INSTRUCTIONS TO FOLLOW -
Print the data exactly. Omit the pictures.

(Collected data)
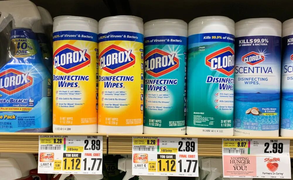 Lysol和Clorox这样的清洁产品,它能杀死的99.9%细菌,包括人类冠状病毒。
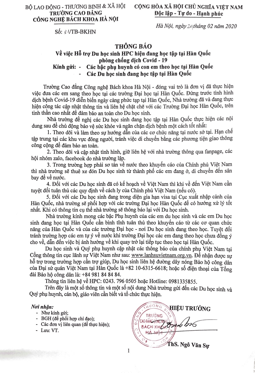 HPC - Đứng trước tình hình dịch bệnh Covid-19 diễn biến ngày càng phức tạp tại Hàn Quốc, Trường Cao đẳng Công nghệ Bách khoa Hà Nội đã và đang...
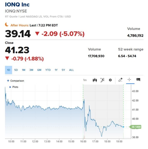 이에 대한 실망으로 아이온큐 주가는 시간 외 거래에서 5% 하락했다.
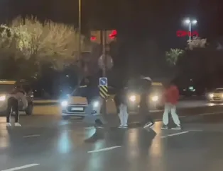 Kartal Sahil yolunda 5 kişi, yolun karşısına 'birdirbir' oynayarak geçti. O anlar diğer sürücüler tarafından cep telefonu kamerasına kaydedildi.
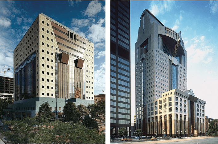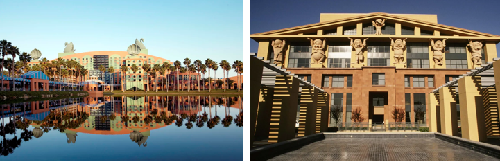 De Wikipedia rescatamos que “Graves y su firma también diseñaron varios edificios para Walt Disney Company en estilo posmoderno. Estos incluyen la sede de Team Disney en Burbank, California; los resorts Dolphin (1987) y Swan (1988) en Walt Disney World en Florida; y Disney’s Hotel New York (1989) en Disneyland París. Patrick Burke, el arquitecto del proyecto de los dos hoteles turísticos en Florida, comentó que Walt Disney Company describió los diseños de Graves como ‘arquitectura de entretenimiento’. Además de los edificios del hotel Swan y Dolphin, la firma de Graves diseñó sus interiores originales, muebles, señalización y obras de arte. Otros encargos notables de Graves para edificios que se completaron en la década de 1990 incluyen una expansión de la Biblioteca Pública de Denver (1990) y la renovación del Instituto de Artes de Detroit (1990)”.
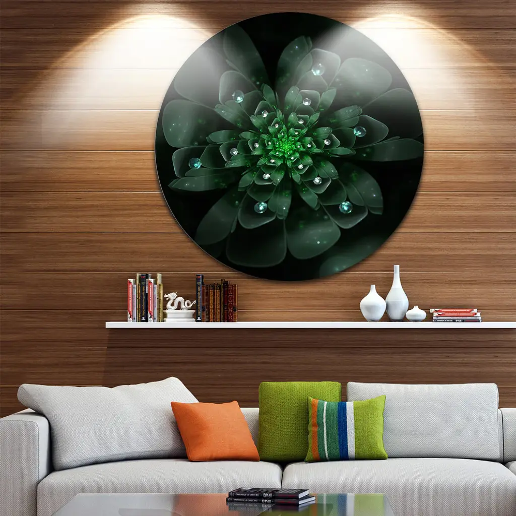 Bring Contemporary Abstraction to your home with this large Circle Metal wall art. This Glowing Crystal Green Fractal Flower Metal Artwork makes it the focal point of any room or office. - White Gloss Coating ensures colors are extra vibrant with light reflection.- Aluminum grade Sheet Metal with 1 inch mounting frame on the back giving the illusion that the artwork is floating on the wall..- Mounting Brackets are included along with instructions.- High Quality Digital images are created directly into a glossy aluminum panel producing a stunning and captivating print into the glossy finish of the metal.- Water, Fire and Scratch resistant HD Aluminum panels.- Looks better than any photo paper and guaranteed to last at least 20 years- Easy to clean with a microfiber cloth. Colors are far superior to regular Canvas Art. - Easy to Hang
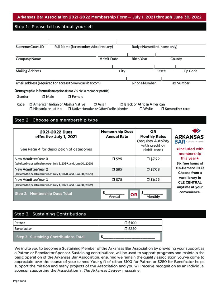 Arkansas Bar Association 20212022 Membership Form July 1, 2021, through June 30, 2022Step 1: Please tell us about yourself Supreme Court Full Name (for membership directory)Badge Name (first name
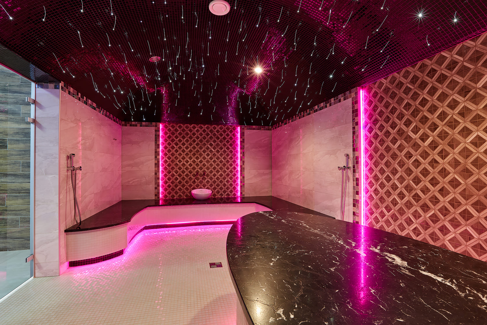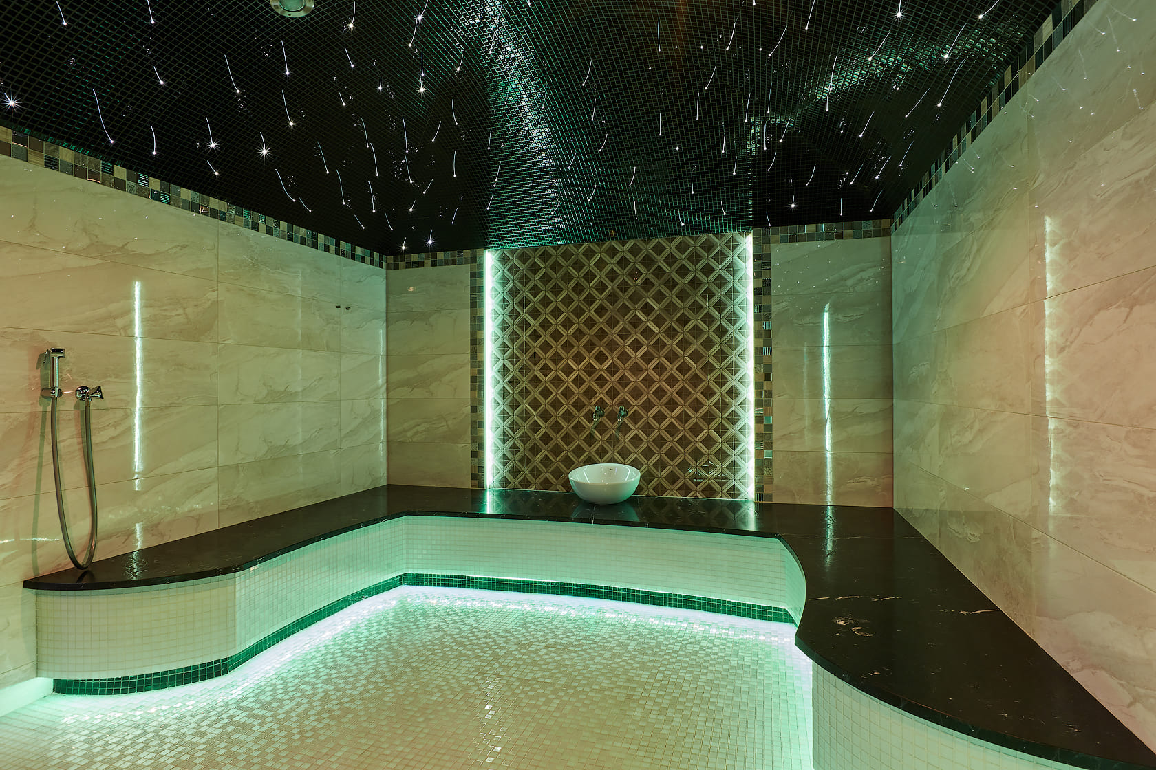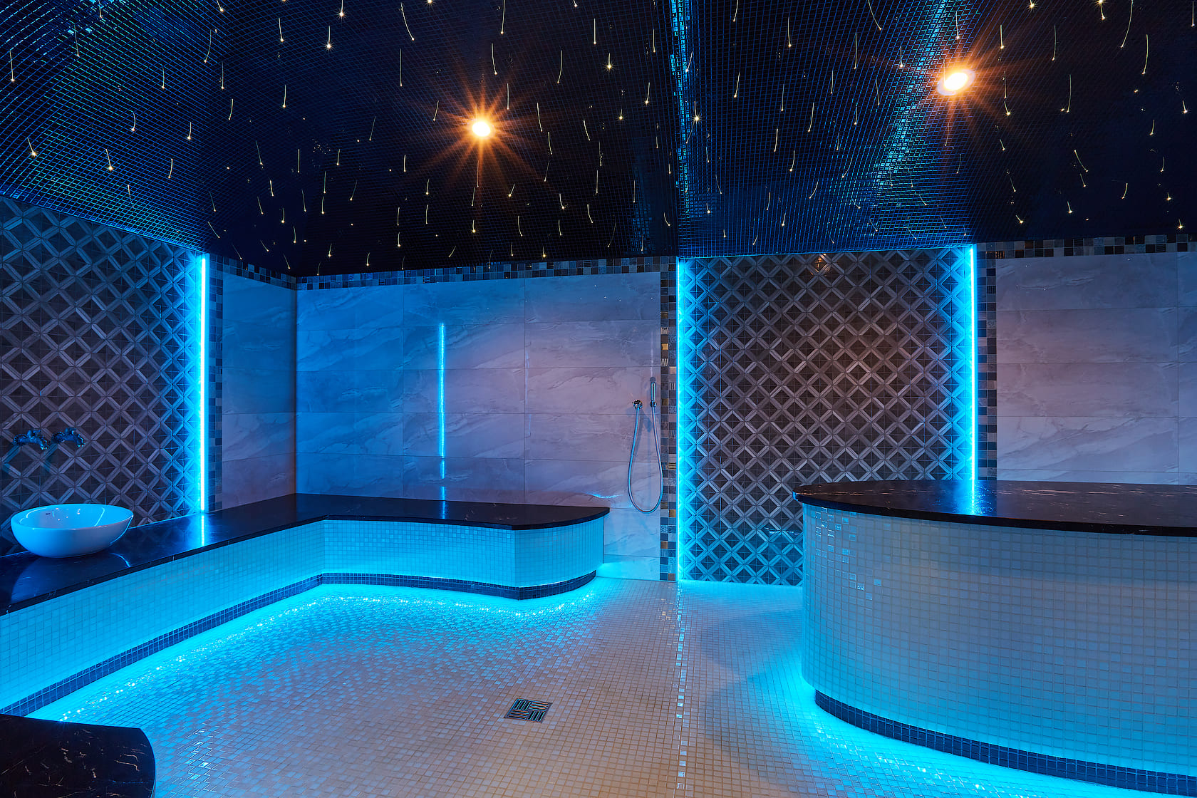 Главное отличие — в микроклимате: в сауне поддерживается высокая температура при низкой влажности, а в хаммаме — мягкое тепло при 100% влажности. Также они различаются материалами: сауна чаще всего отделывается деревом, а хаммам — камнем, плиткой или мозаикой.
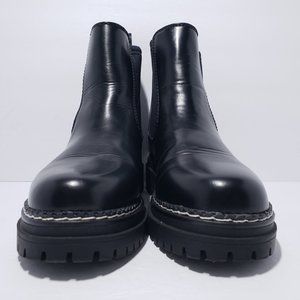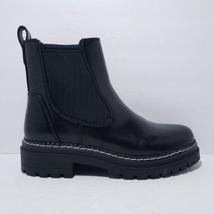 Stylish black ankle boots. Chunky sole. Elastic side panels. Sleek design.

RESULT -
 Lysol和Clorox这样的清洁产品,它能杀死的99.9%细菌,包括人类冠状病毒。
 HPC - Đứng trước tình hình dịch bệnh Covid-19 diễn biến ngày càng phức tạp tại Hàn Quốc, Trường Cao đẳng Công nghệ Bách khoa Hà Nội đã và đang...
 이에 대한 실망으로 아이온큐 주가는 시간 외 거래에서 5% 하락했다.
 Kartal Sahil yolunda 5 kişi, yolun karşısına 'birdirbir' oynayarak geçti. O anlar diğer sürücüler tarafından cep telefonu kamerasına kaydedildi.
 De Wikipedia rescatamos que “Graves y su firma también diseñaron varios edificios para Walt Disney Company en estilo posmoderno. Estos incluyen la sede de Team Disney en Burbank, California; los resorts Dolphin (1987) y Swan (1988) en Walt Disney World en Florida; y Disney’s Hotel New York (1989) en Disneyland París. Patrick Burke, el arquitecto del proyecto de los dos hoteles turísticos en Florida, comentó que Walt Disney Company describió los diseños de Graves como ‘arquitectura de entretenimiento’. Además de los edificios del hotel Swan y Dolphin, la firma de Graves diseñó sus interiores originales, muebles, señalización y obras de arte. Otros encargos notables de Graves para edificios que se completaron en la década de 1990 incluyen una expansión de la Biblioteca Pública de Denver (1990) y la renovación del Instituto de Artes de Detroit (1990)”.
 Bring Contemporary Abstraction to your home with this large Circle Metal wall art. This Glowing Crystal Green Fractal Flower Metal Artwork makes it the focal point of any room or office. - White Gloss Coating ensures colors are extra vibrant with light reflection.- Aluminum grade Sheet Metal with 1 inch mounting frame on the back giving the illusion that the artwork is floating on the wall..- Mounting Brackets are included along with instructions.- High Quality Digital images are created directly into a glossy aluminum panel producing a stunning and captivating print into the glossy finish of the metal.- Water, Fire and Scratch resistant HD Aluminum panels.- Looks better than any photo paper and guaranteed to last at least 20 years- Easy to clean with a microfiber cloth. Colors are far superior to regular Canvas Art. - Easy to Hang
 Arkansas Bar Association 20212022 Membership Form July 1, 2021, through June 30, 2022Step 1: Please tell us about yourself Supreme Court Full Name (for membership directory)Badge Name (first name
 Главное отличие — в микроклимате: в сауне поддерживается высокая температура при низкой влажности, а в хаммаме — мягкое тепло при 100% влажности. Также они различаются материалами: сауна чаще всего отделывается деревом, а хаммам — камнем, плиткой или мозаикой.
 Stylish black ankle boots. Chunky sole. Elastic side panels. Sleek design.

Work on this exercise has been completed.